Ablenken von jedem Gedanken an Tom und daran, dass er mich benutzt hatte. Ich wollte nicht mehr daran denken, dass ich mich ihm für einen One-Night-Stand hingegeben hatte. Ich wollte die Tatsache, dass er mich, obwohl wir miteinander geschlafen hatten, wie Luft behandelte, aus meinem Kopf werfen.
Ich war wütend auf mich, weil ich einer Illusion erlegen war. Der Illusion, dass Tom und ich eines Tages händchenhaltend durch den Park spazieren würden, er mir Schmeicheleien ins Ohr flüstern und ich amüsiert kichern würde. Diese ganze rosarote Seifenblase war in einer Sekunde zerplatzt.

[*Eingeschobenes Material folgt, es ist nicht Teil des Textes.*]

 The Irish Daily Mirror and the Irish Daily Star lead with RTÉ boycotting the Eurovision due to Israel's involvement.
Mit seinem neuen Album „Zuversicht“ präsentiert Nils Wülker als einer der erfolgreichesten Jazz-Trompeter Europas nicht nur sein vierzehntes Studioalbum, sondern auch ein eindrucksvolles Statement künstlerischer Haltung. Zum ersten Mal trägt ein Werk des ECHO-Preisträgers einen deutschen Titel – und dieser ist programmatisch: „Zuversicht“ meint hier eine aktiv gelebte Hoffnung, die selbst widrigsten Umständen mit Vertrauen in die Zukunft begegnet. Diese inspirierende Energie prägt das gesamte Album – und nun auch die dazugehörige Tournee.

Ich konnte mich nur nicht entscheiden, ob bereits an dem Morgen, als Tom unsere Wohnung sang- und klanglos verlassen hatte oder erst in dem Augenblick, als mich auf dem Schulhof die bittere Wahrheit erwischte.

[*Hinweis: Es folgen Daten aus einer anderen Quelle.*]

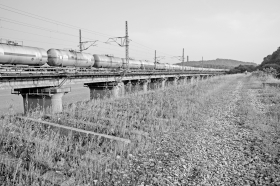 ②昭山晴岚路旁,沥青厂的专线,有古旧钢铁桥,也有百年老铁轨。图/卢七星
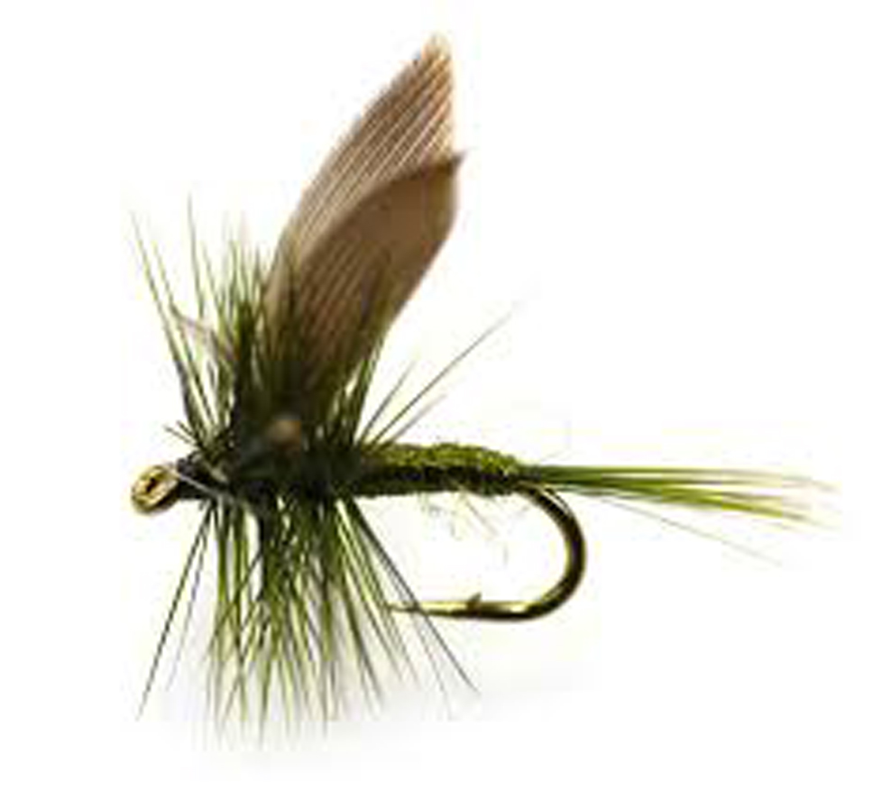 In fly fishing, fish are caught by using artificial flies that are dry ( a fly that is designed to float) and include such patterns as

Nur eins war sicher – ich musste diesen Typen aus dem Kopf bekommen. Und mit ihm diese Nacht.
Die Frage war nur, wie?
Immerhin sahen wir uns an jedem verdammten Tag in der Schule. Tom war zwar in keinem meiner Kurse, doch wir liefen uns öfter über den Weg als mir lieb gewesen wäre. Ganz egal, ob ich aufs Klo, in die Cafeteria oder in einen der Unterrichtsräume ging – irgendwo standen er und seine Kumpels immer herum, glotzten blöd und feixten mich dämlich an.

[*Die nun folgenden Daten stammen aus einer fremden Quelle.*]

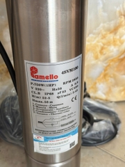 Tên sản phẩm: Bơm chìm giếng khơi Thương hiệu & Xuất xứ: Pamello - Trung Quốc Model: 4SVM100 Công suất: 0.75 Kw | 1.0 HP Điện áp : 1 pha / 220 V / 50 Hz Lưu lượng max: 2.7 m³/h Cột áp max: 58 m Họng xả: 27 mm Đường kính thân bơm: 76 mm Bảo hành: 12 tháng
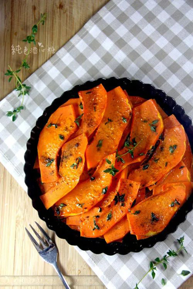 南瓜300克,百里香一小把,橄榄油10克,盐适量,黑胡椒粉适量
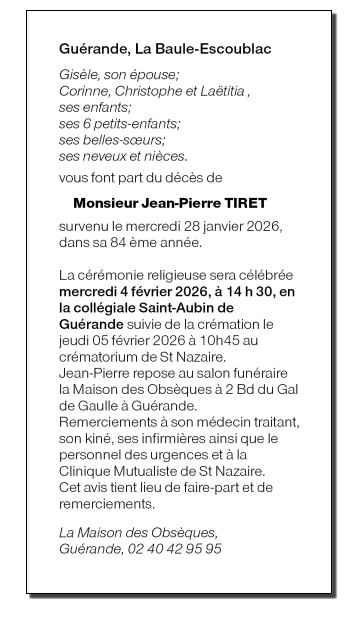 Cet espace « condoléances » est dédié à la mémoire de Monsieur Jean-Pierre TIRET.
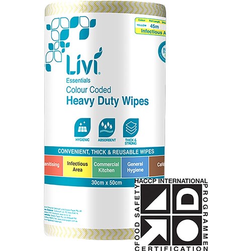Avoid cross contamination with colour coded wipes which are heavy duty and can be washed and tumble dried up to 5 times. Recommended Use: Yellow, with an antibacterial finish, is suitable for infection control. HACCP certified, each non woven wipe is 70 grams per square metre making them thick and strong for extra absorbent results. Carton of 4 rolls.

„Behandle ihn einfach auch so, als wäre er gar nicht da“, riet mir Emma, als wir an einem Nachmittag zusammen durch die Stadt schlenderten. „Tu einfach so, als wäre zwischen euch nie etwas gewesen.“
„Klar doch, ist ja nicht so, dass ich mit diesem Affen mein erstes Mal hatte. Ist ja völlig unwichtig“, blaffte ich und sah Emma wütend an. Wie kam sie auf so einen blöden Gedanken. Sie konnte doch gar nicht mitreden. Immerhin hatte meine Freundin noch nie mit einem Jungen geschlafen. Felix und sie wollten auf den richtigen Augenblick warten. Sie wusste doch gar nicht, wie sich das anfühlte, wenn man jemandem das Beste und Wertvollste, das man besaß, schenkte, er dieses Geschenk als selbstverständlich hinnahm und an der nächsten Ecke achtlos fallen ließ.